Berreau laughed shrilly. “Is it madness that the Lords even now voice their wrath against you? You hear it in your mind, but you are afraid to listen! Be afraid, Farris! There is reason! You have slain trees, for many years, as you have just slain here— and the forest knows you for a foe.”

“Andre!” Lys was sobbing, her face half-buried in her hands.

Farris felt his mind cracking under the impact of the crazy scene. The ceaseless, rushing pulse of light and darkness, the rustling uproar of the seething forest around them, the vines creeping snakelike and branches whipping at them and giant banyans rocking angrily overhead.

“ This is the world that man lives in all his life, and never sees or senses!” Berreau was shouting. “I’ve come into it, again and again. And each time, I’ve heard more clearly the voices of the Great Ones!

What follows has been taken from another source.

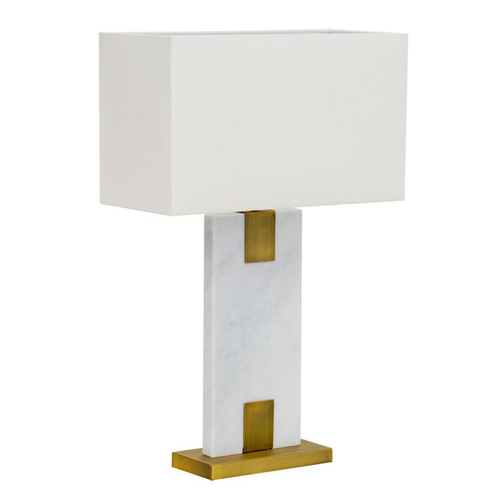 The Nikita table lamp enjoys a bold and streamlined silhouette where a striking white marble panel is embraced by antique brass metal accents. Nikita white rectangular shade perfectly complements its architecturally inspired base, creating an air of elegant luxury.

“The oldest and mightiest creatures on our planet! Long ago, men knew that and worshipped them for the wisdom they could teach. Yes, worshipped them as Ygdrasil and the Druid Oak and the Sacred Tree! But modern men have forgotten this other Earth. Except me, Farris — except me! I’ve found wisdom in this world such as you never dreamed. And your stupid blindness is not going to drag me out of it!”

* * *

Farris realized then that it was too late to reason with Berreau. The man had come too often and too far into this other Earth that was as alien to humanity as thought it lay across the universe.

It was because he had feared that, that he had brought the little thing in his jacket pocket. The one thing with which he might force Berreau to obey.

Farris took it out of his pocket. He held it up so that the other could see it.

“You know what it is, Berreau! And you know what I can do with it, if you force me to!”